Поэтому на самом деле никакого выбора принудительная эстетика человеку не предоставляет. Это – чистая игра идолов. Тоталитарные монстры ушли в своё модерное прошлое: дисциплинарного общества, образованного по типу сталинского командно-административного центра вертикального государственного управления, больше нет. Значит, мы выбираем между глобализмом и отсутствующим. Внутри кокона глобализма нам предлагается поиграть в выбор между кошельком и жизнью, добрым и злым полицейским, Fa и Anti-Fa, бегая по замкнутому кругу и мечась между эстетизированным либерализмом и откровенно катастрофическим национализмом, этницизмом Реального и космополитизмом Символического, национальной химерой рода и «мировой» демократией рынка. Атакуемый двойными посланиями, человек ощущает глубочайшую неудовлетворенность жизнью: его комфортная свобода оборачивается несвободой. Его кажущаяся аполитичность является глубоко политической. Панэстетизм постмодерна становится средством маскировки машины пропаганды либерального фашизма.

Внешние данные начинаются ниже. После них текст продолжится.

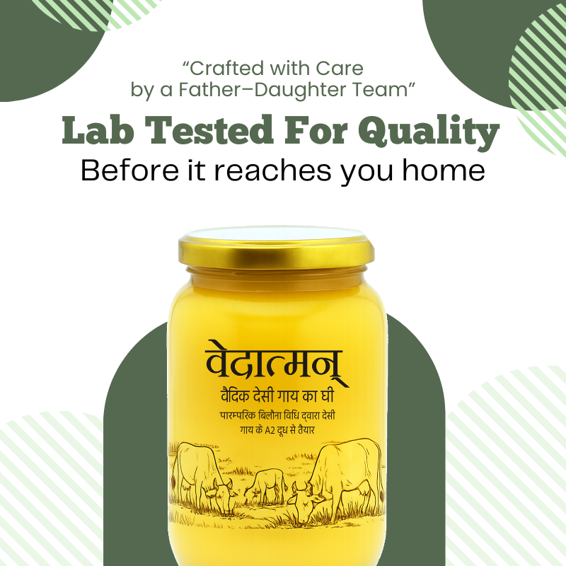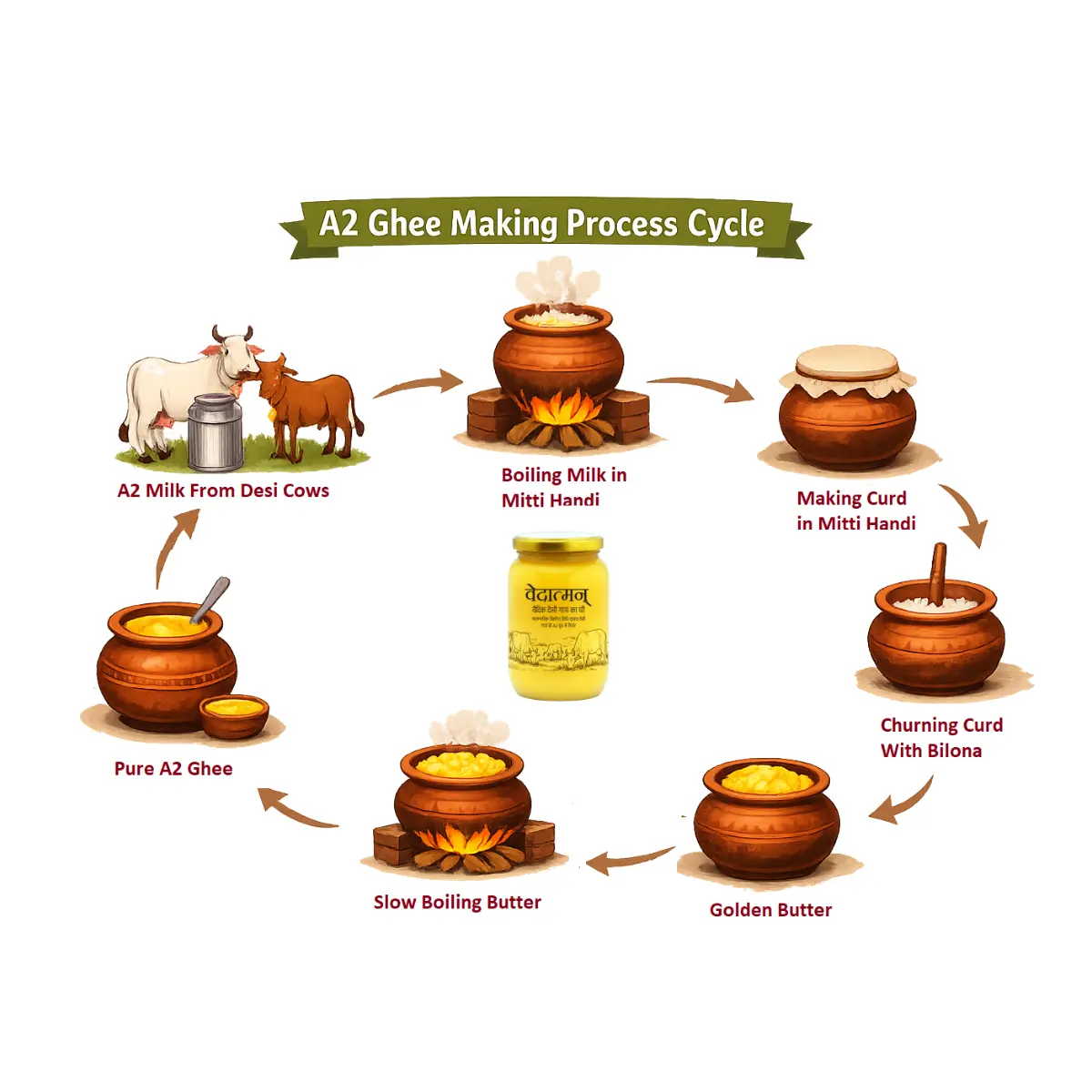 Vedatman A2 cow ghee is made using the traditional bilona method. First, curd is prepared from A2 cow milk, then hand-churned to extract butter, which is slowly heated to produce pure, aromatic ghee without additives or chemicals.
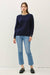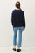Cozy and preppy, this navy pullover sweater with white accents is a fall favorite. Designed with a chunky cable knit texture, crew neckline, and drop shoulders for a relaxed fit. The accent lines around the neck and hem add a polished touch. Hits above the hip—perfect for fall and winter styling.
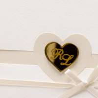 Personalizzazione: cuoricino in plexiglass oro con monogramma degli sposi inciso a laser.

Чтобы поддерживать в человеке иллюзию свободы и иллюзию выбора, из его сознания машина предприняла попытку начисто убрать онтологию. Она её просто отменила. Бытийности «нет», и «нет» тех цивилизаций и культур, что упрямо тяготеют к экзистенциальному стоянию в просвете бытия. Россию отменяет мир, потому что глобализм отменяет онтологию как избыток,
зияние, лишнее, ненужное – слишком Реальное – не подвергшееся эстетизации и китчизации, «некрасивое», «немодное». Так в свое время гитлеровская машина убирала еврейство – Реальное, слишком Реальное, – для фашистского мироустройства избыточное этическое образование – совесть, самость, истинность, онтологичность, не подверженную эстетизации, неприкрашенную мораль в противовес приукрашенной безнравственности.Деонтологизация в клиповой ситуации постмодерна предполагает смену бытийной категории самости на более «менеджерское» понятие «идентичность»: ведь с самостью мы рождаемся, она – экзистенциальная, метафизическая и примордиальная, а «идентичность» можно легко сформировать, исходя из пользы ситуации. Также в самом понятии «идентичность» выделяются «приписанная идентичность» и «сконструированная идентичность», с явными преференциями в пользу последней как более «индивидуально» релевантной и вариативной. «Приписанная идентичность» как Священное Предписание Бытия не предполагает ничего исключительно внешнего, отчужденного, репрессивного, никакой чрезмерной объективации: она является экзистенциальностью, это – метафизическая идентичность, с которой человек воспитывается в сакральной
Традиции с рождения, не подвергая её сомнению и критическому анализу, в слепом оргиастическом слиянии с Отцом как с внутренним архетипом. Можно сказать, что приписанная Отцом идентичность – это одновременно примордиалньая врожденная идентичность, укоренная в самость субъектности, в априорные формы ее созерцания и рассудка. Бог, Отец, священное приписывают субъекту быть именно таким в символическом смысле слова, но человек и является таким в Реальном, потому что зазора между Реальным и Символическим нет, бессознательное и сверхсознательное, желания и культура, Отец и Сын, чувственность и язык структурируют друг друга и синтагмально слиты в единое целое мистериального общения, в соборный и сакральный миф премодерна.С появлением метафоры (поэтической дистанции Воображаемого, зеркала) в модерном обществе Эдипа начинается индивидуализация: человек теперь волен сам выбирать, какой идентичностью ему обладать, между ним и нормами культуры пролагает себе путь критическая рефлексия. Апогей рациональности приходится на эпоху Просвещения, начиная с которой традиционная приписанная идентичность стигматизируется как «патриархальное зло» и отдается предпочтение сконструированной идентичности. Постмодерн в полной мере показал крах конструирования через бегство от свободы – новое рабство. Человек в состоянии информационного шока оказался не способен построить и сконструировать свою идентичность: за него это сделала машина, предлагая ему только иллюзию выбора. Независимость от Отца привела к еще большей зависимости от самого себя. Метафора снова исчезает из дискурса, уступая место Символическому Реальному, новому палеолиту, или новому средневековью, в постмодерне.